Cuando decidió dedicarse profesionalmente a la música, ya tenía cerca de treinta años. Y no daba el tipo de cantante de jazz, si existe tal cosa: tras una etapa en la cienciología, se convirtió en un cristiano discreto.
Había estudiado la obra de Lambert, Hendricks & Ross, juntos y por separado, vocalistas surgidos tras la eclosión del be-bop, que usaban imaginativamente el scat y el vocalese. Aunque amaba a Ella Fitzgerald y Anita O’Day, generacionalmente pertenecía a la oleada del soul. Simpatizaba igualmente con los instrumentistas electrificados, que estaban definiendo la nueva categoría del jazz fusion.
Ya habitual de los locales nocturnos de Los Ángeles, Warner Bros. se fijó en su talento y carisma en 1975. Su carrera despegó en 1980, cuando se emparejó con el productor y compositor Jay Graydon. Su voz cálida vino a definir la vertiente más jazzística del sonido de Los Ángeles, con grabaciones de alta gama, marcadas por el brillo de los sintetizadores.

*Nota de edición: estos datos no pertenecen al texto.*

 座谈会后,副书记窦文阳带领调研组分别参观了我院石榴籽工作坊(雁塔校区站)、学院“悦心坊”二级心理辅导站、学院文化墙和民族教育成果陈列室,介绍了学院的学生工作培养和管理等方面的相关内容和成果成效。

Era música que parecía pensada para ficciones cinematográficas y televisivas; de hecho, uno de sus grandes éxitos fue la sintonía de la serie Moonlightning (1985-1989), aquí conocida como Luz de luna.

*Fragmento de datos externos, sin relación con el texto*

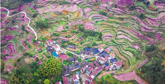 丽水莲都区仙渡乡的6800亩桃花竞相绽放。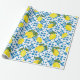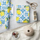This wrapping paper features a watercolor French country tile and lemon pattern in blue and yellow.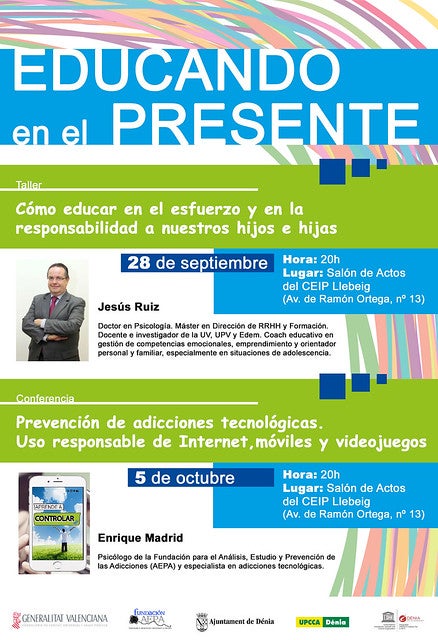 2. Conferència: PREVENCIÓ D’ADDICCIONS TECNOLÒGIQUES. ÚS RESPONSABLE D’INTERNET, MÒBILS I VIDEOJOCS. 5 d’octubre, 20h CEIP Llebeig (Dénia). El ponent serà Enrique Madrid, Psicòleg de la Fundació AEPA i especialista en addiccions tecnològiques. El que pretén aquesta conferència és transmetre i nodrir als pares i mares de ferramentes, per tal que els seus fills o filles utilitzen de manera adequada les noves tecnologies (internet, mòbil, xarxes socials i videojocs), mostrant els riscos i oferint pautes per diferenciar entre l’ús, l’abús i l’addicció a les TIC. Així també, pautes per fomentar els factors de protecció.

Un cierto cansancio estético le llevó a probar rupturas sonoras bajo la dirección de Nile Rodgers, el hombre de Chic (L is for lover, 1986) o Narada Michael Walden (Heaven and earth, 1992). Ya bien entrados los noventa, se alejó de las grabaciones y trabajó con orquestas sinfónicas. También fue una presencia regular en el circuito europeo de los festivales de jazz, donde siempre tuvo mucho tirón, como atestiguan varios discos live.